A Spellbook for Torch (basically local lookup of my own stuff, stackoverflow posts & docs for torchy things)

- Each cell should roughly be a standalone runable (copy and paste to the ether and will work)


がんばって


In [1]:
import torch
import numpy as np 

## Tensors 


+ Official Docs- https://pytorch.org/docs/stable/tensors.html 
+ Nice Tutorial- https://pytorch.org/tutorials/beginner/basics/tensorqs_tutorial.html
+ basically numpy arrays (even share memory address if on CPU, could be problematic)



In [2]:
# Creating a Tensor from Existing ndarray-like object (np.ndarrays or list of lists, etc.)

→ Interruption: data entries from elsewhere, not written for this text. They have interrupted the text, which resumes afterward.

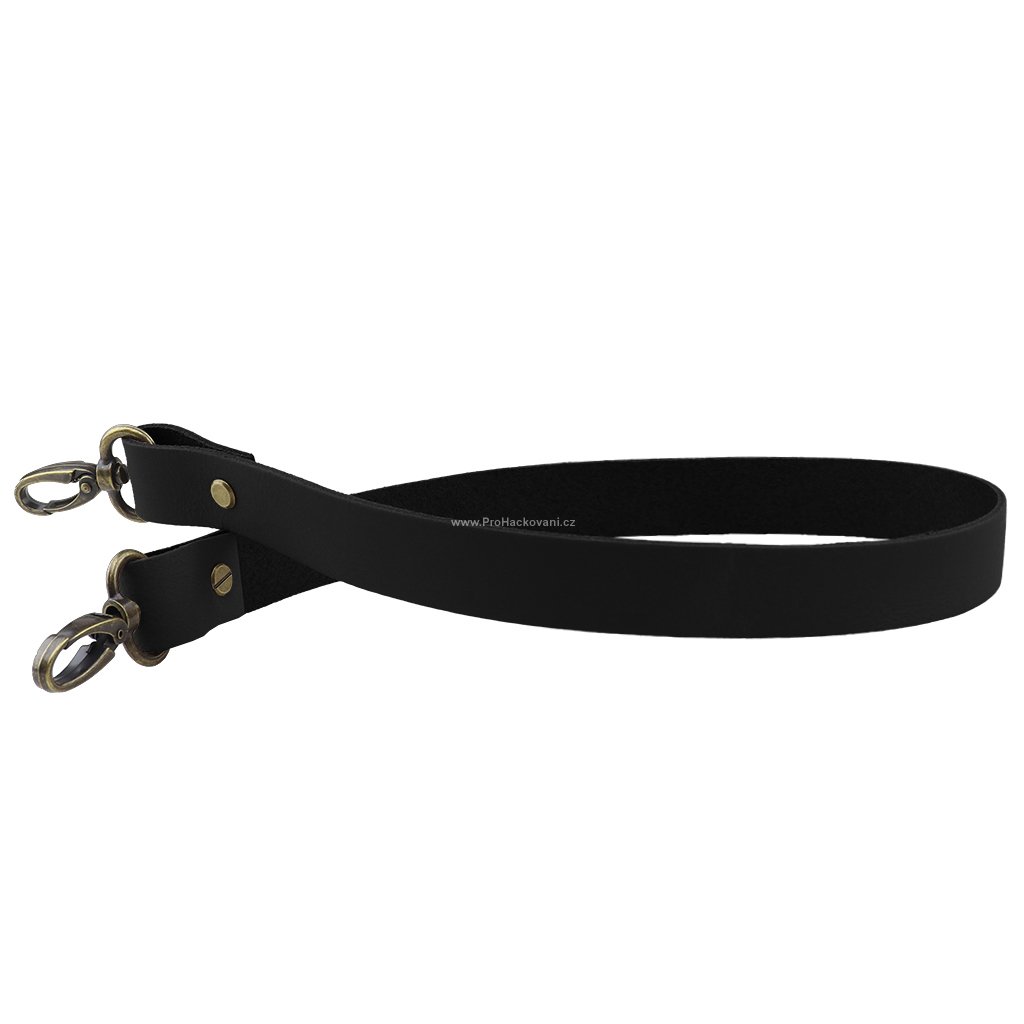 Sada kožený popruh 62 cm š. 2 cm černý s karabinou staromosaz
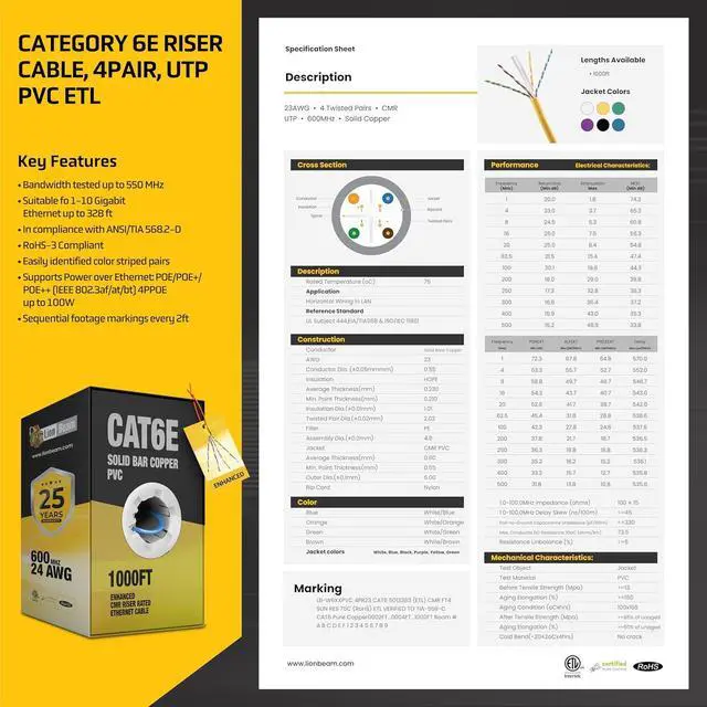 Certified & Warranty Protected Cat Ethernet Cable All Lion Beam Cat6 Ethernet Cables are CSA and ETL Certified, TAA and RoHS Compliant, flame-resistant (CMP IEC 60332-3 Cert), and barcode traceable for quality assurance. Our Cat 6 Ethernet cable is available in multiple colours, including white, black, blue, green, and yellow. A full 25-year warranty backs each 1000ft bulk Cat6e cable box for total peace of mind.
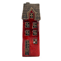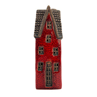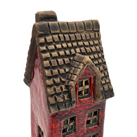 The Goldsmith’s Abode is finished in a rich, crimson glaze, reminiscent of flickering hearths and aged brick cottages nestled beneath oak trees. When a tealight flickers within, it casts a warm, golden glow through the arched windows, filling your space with the comforting spirit of a long-forgotten village evening.
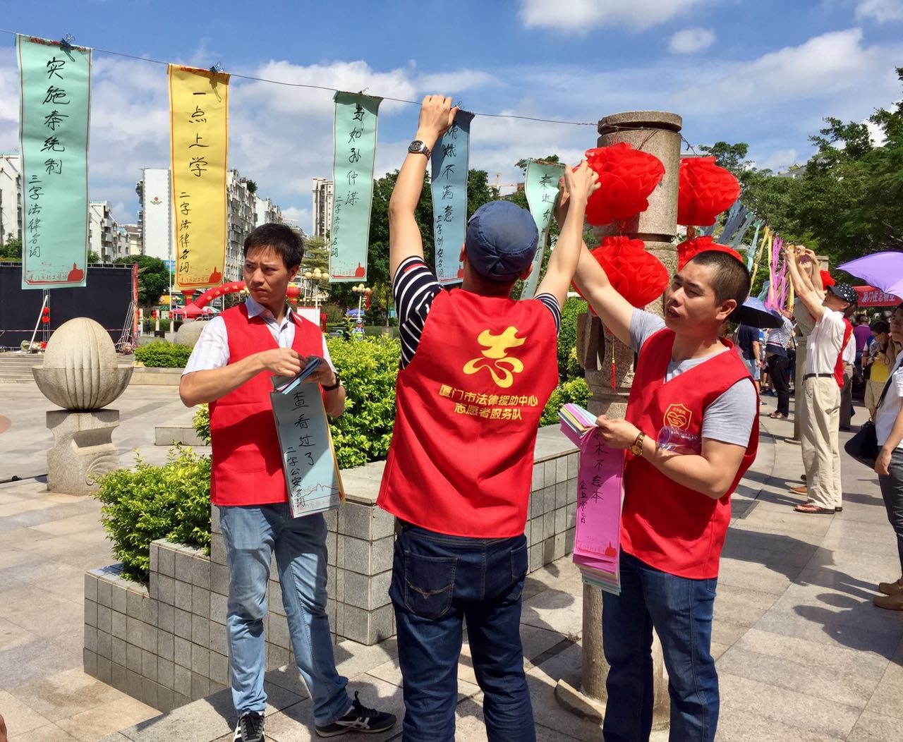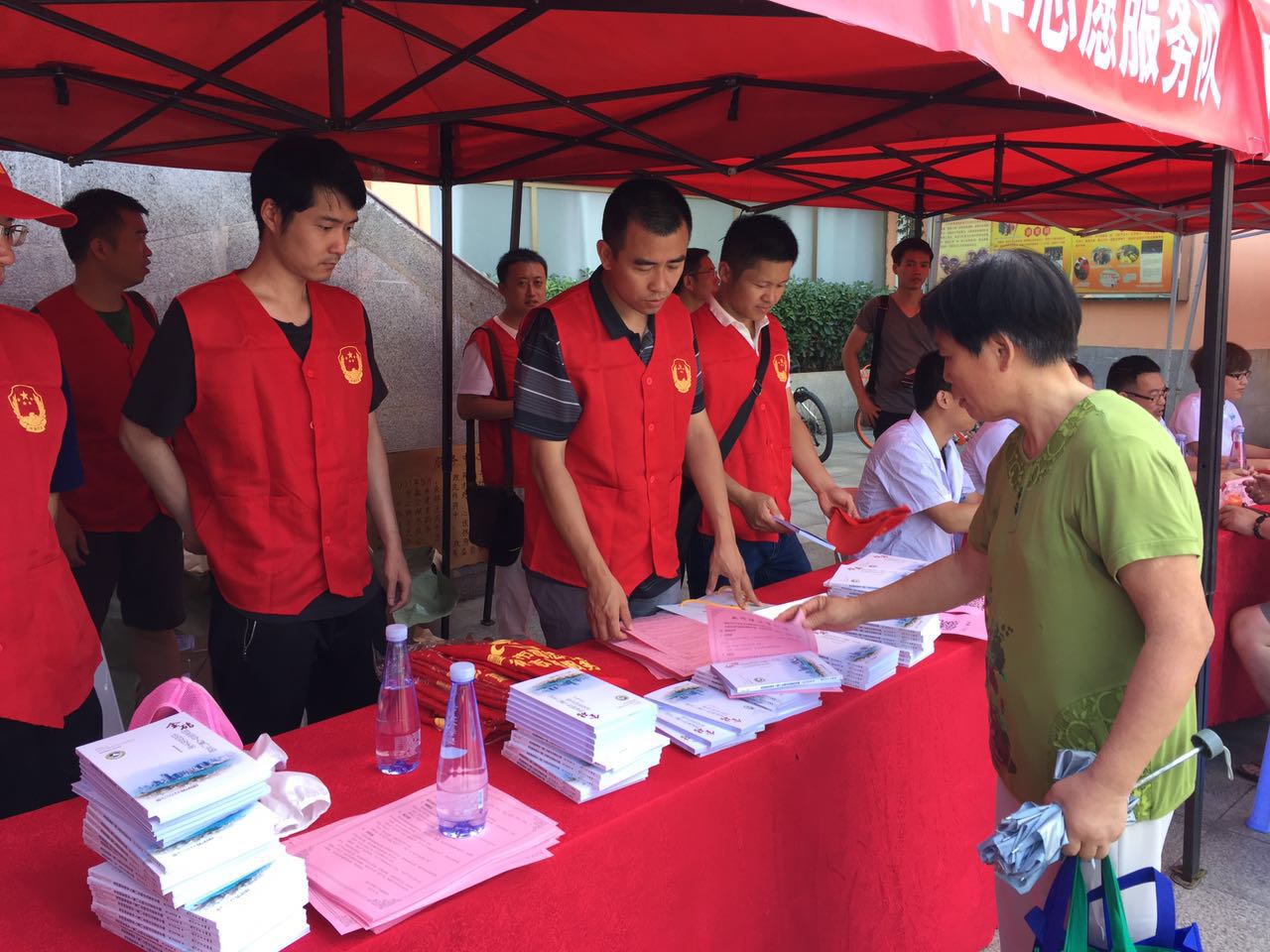 活动现场,市司法行政法律志愿服务队的志愿者们就群众关心的法律问题进行答疑解惑,发放法治宣传资料,维护现场秩序,并受到了群众欢迎。
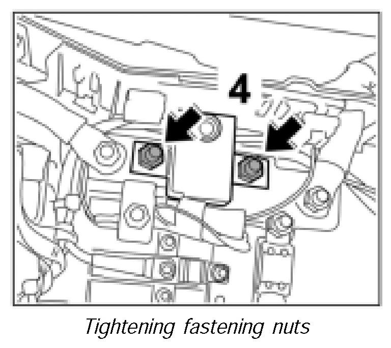 2. Screw both fastening nuts -arrows 4- on the cut-off relay and tighten. Tightening torque 15 ftlb.
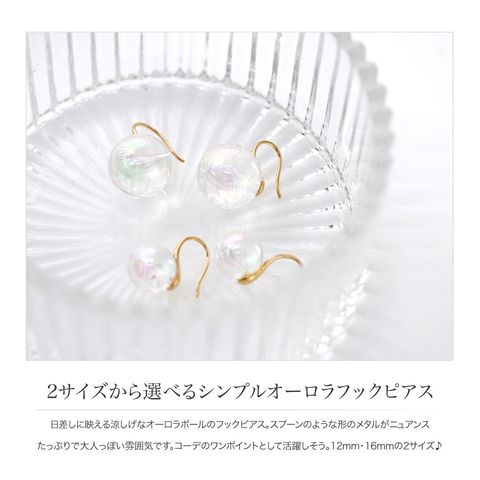 日差しに映える涼しげなオーロラボールのフックピアス。スプーンのような形のメタルがニュアンスたっぷりで大人っぽい雰囲気です。コーデのワンポイントとして活躍しそう。12mm・16mmの2サイズ♪
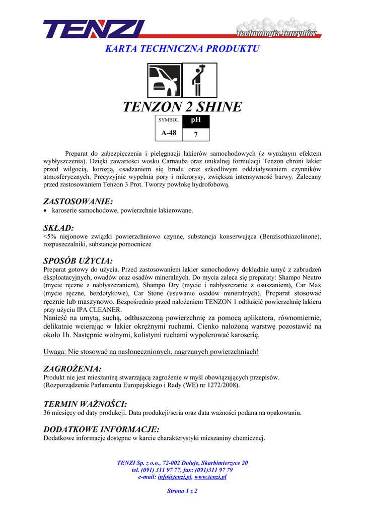 KARTA TECHNICZNA PRODUKTU TENZON 2 SHINE SYMBOL pH A-48 7 Preparat do zabezpieczenia i pielęgnacji lakierów samochodowych (z wyraźnym efektem wybłyszczenia). Dzięki zawartości wosku Carnauba oraz unikalnej formulacji Tenzon chroni lakier przed wilgocią, korozją, osadzaniem się brudu oraz szkodliwym oddziaływaniem czynników atmosferycznych. Precyzyjnie wypełnia pory i mikrorysy, zwiększa intensywność barwy. Zalecany przed zastosowaniem Tenzon 3 Prot. Tworzy powłokę hydrofobową. ZASTOSOWANIE: karoserie samochodowe, powierzchnie lakierowane. SKŁAD: <5% niejonowe związki powierzchniowo czynne, substancja konserwująca (Benzisothiazolinone), rozpuszczalniki, substancje pomocnicze SPOSÓB UŻYCIA: Preparat gotowy do użycia. Przed zastosowaniem lakier samochodowy dokładnie umyć z zabrudzeń eksploatacyjnych, owadów oraz osadów mineralnych. Do mycia zaleca się preparaty: Shampo Neutro (mycie ręczne z nabłyszczaniem), Shampo Dry (mycie i nabłyszczanie z osuszaniem), Car Max (mycie ręczne, bezdotykowe), Car Stone (usuwanie osadów mineralnych). Preparat stosować ręcznie lub maszynowo. Bezpośrednio przed nałożeniem TENZON 1 odtłuścić powierzchnię lakieru przy użyciu IPA CLEANER. Nanieść na umytą, suchą, odtłuszczoną powierzchnię za pomocą aplikatora, równomiernie, delikatnie wcierając w lakier okrężnymi ruchami. Cienko nałożoną warstwę pozostawić na około 1h. Następnie wolnymi, kolistymi ruchami wypolerować karoserię. Uwaga: Nie stosować na nasłonecznionych, nagrzanych powierzchniach! ZAGROŻENIA: Produkt nie jest mieszaniną stwarzającą zagrożenie w myśl obowiązujących przepisów. (Rozporządzenie Parlamentu Europejskiego i Rady (WE) nr 1272/2008). TERMIN WAŻNOŚCI: 36 miesięcy od daty produkcji. Data produkcji/seria oraz data ważności podana na opakowaniu. DODATKOWE INFORMACJE: Dodatkowe informacje dostępne w karcie charakterystyki mieszaniny chemicznej. TENZI Sp. z o.o., 72-002 Dołuje, Skarbimierzyce 20 tel. (091) 311 97 77, fax: (091)311 97 79 e-mail: [email protected], www.tenzi.pl Strona 1 z 2 KARTA TECHNICZNA PRODUKTU Zanieczyszczone opakowanie należy całkowicie opróżnić. Puste opakowania wypłukać kilkakrotnie wodą, którą zużyć tak jak preparat. Puste opakowanie można składować w pojemnikach przeznaczonych do zbiórki opakowań z tworzyw sztucznych lub przekazać wyspecjalizowanej firmie do utylizacji. Przestrzegać przepisów Ustawy z dnia 13 czerwca 2013 r. o gospodarce opakowaniami i odpadami opakowaniowymi (Dz. U. 2013, poz. 888). TENZI Sp. z o.o., 72-002 Dołuje, Skarbimierzyce 20 tel. (091) 311 97 77, fax: (091)311 97 79 e-mail: [email protected], www.tenzi.pl Strona 2 z 2
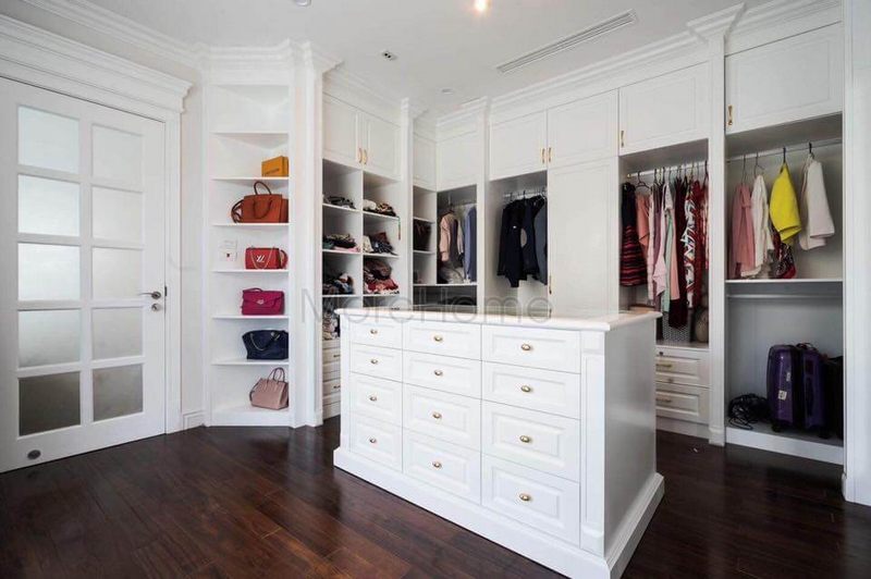 Phòng thay đồ với bố trí kệ tủ chạm trần đầy tiện nghi cho gia chủ sử dụng
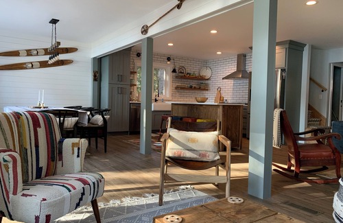 The kitchen is a cook's dream with a sleek layout including an island for 4, table for 10 (12 w/kids), modern appliances and the use of an outdoor grill. Spices, cooking oils, condiments will be available in the stocked pantry for renters' convenience. The property also includes WiFi, cable and streaming services, washer/dryer, and AC. Permanent baby gates have been installed at top and bottom of stairs for toddler safety. Hosts also have a large supply of books, toys, indoor board games, a PS5 gaming station and outdoor games/sports equipment (bikes, corn hole, giant Jenga, basketball, etc...) for guests. Large supply of beach towels is also provided for renters' convenience. Historic downtown Northville, with casual dinning, shopping and groceries, is a scenic six minute drive away. Beautiful hiking trails are within 5-20 minutes from the cottage. Pickleball enthusiasts can join as guests at a beautiful local club during your stay. Forms and information will be available at the house.
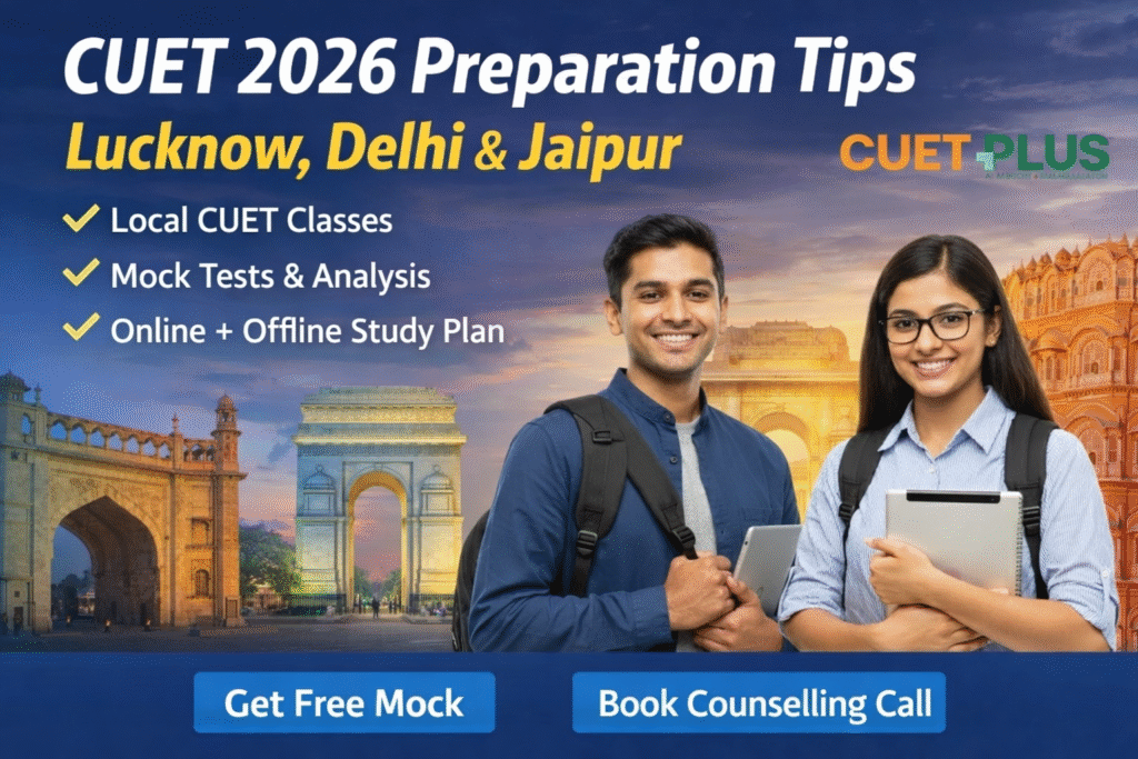 CUET preparation 2026 is no longer about completing the syllabus on time—it’s about having a smart and city-specific plan in accordance with increasing competition and examination trends.Students attaining education from prime educational centers like Lucknow, Delhi, or Jaipur understand diverse environments of learning, training practices, and preparation assistance in different cities; therefore, it is crucial to have a city-specific plan. With this exhaustive guide by CUETPLUS, you can understand the effective CUET preparation plan 2026 strategy that includes approaches for section-by-section preparation, city-by-city preparation practices, self-preparation methods, and better mock test preparation. Whether you are looking for trusted CUET classes near me or planning to have a proper combination of online and offline preparation for CUET 2026 preparation,
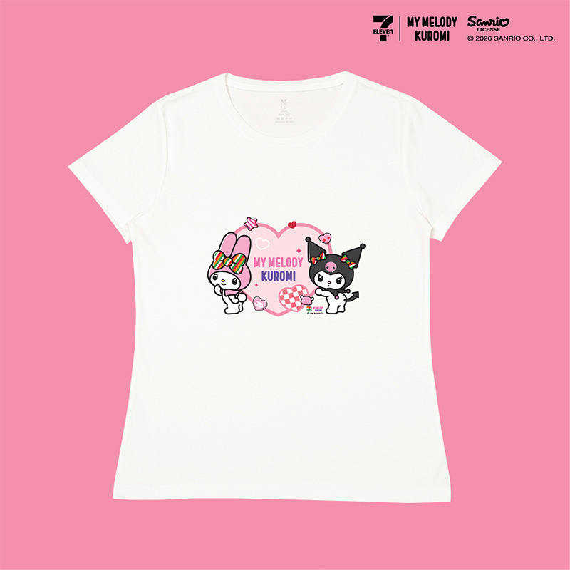M2S Lifestyle เสื้อยืด ลายลิขสิทธิ์ มายเมโลดี้และคุโรมิ สีขาว ลายหัวใจ 1
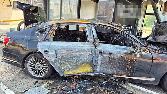 혼자서 영업 준비 중이던 B 씨는 가까스로 대피했으나, 이 사고로 차에 불이 난 데다 건물 일부로 불이 번져 소방 당국 추산 2천800여만 원의 재산 피해가 났습니다.
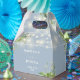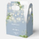 Esta elegante caja de favores de boda con luces de cadena floral botánica de verdor se puede personalizar con su información en tipografía chic sobre un fondo azul polvoriento. Diseñado por Thisisnotme©

data = [[1, 2], [3, 4], [5, 6]] #list of lists work
x_data = torch.tensor(data) 

# or if in Numpy
np_array = np.array(data) #can also read from a numpy array (easy to connect to a numerically encoded PandasFrame)
x_data = torch.tensor(np_array) #same call as list-of-lists


In [None]:
# Generating Tensors w/o Existing Data
# More Methods- https://www.geeksforgeeks.org/creating-a-tensor-in-pytorch/

torch.randint(low=0, high=10, size=(3, 1, 5)) #create a tensor of shape [3x1x5] w random values between 0 & 10
torch.eye(n=5, m=5) #generate a identity matrix of shape nxm (diagonals=1, other_values=0)
torch.zeros(3,2) #returns tensor of zeroes in specified shape

In [None]:
# New Tensor Based on an Existing One (transformed in similar shape) -- "_like" is moniker for creating tes

misc_data = torch.randint(low=-3, high=3, size=(7, 2))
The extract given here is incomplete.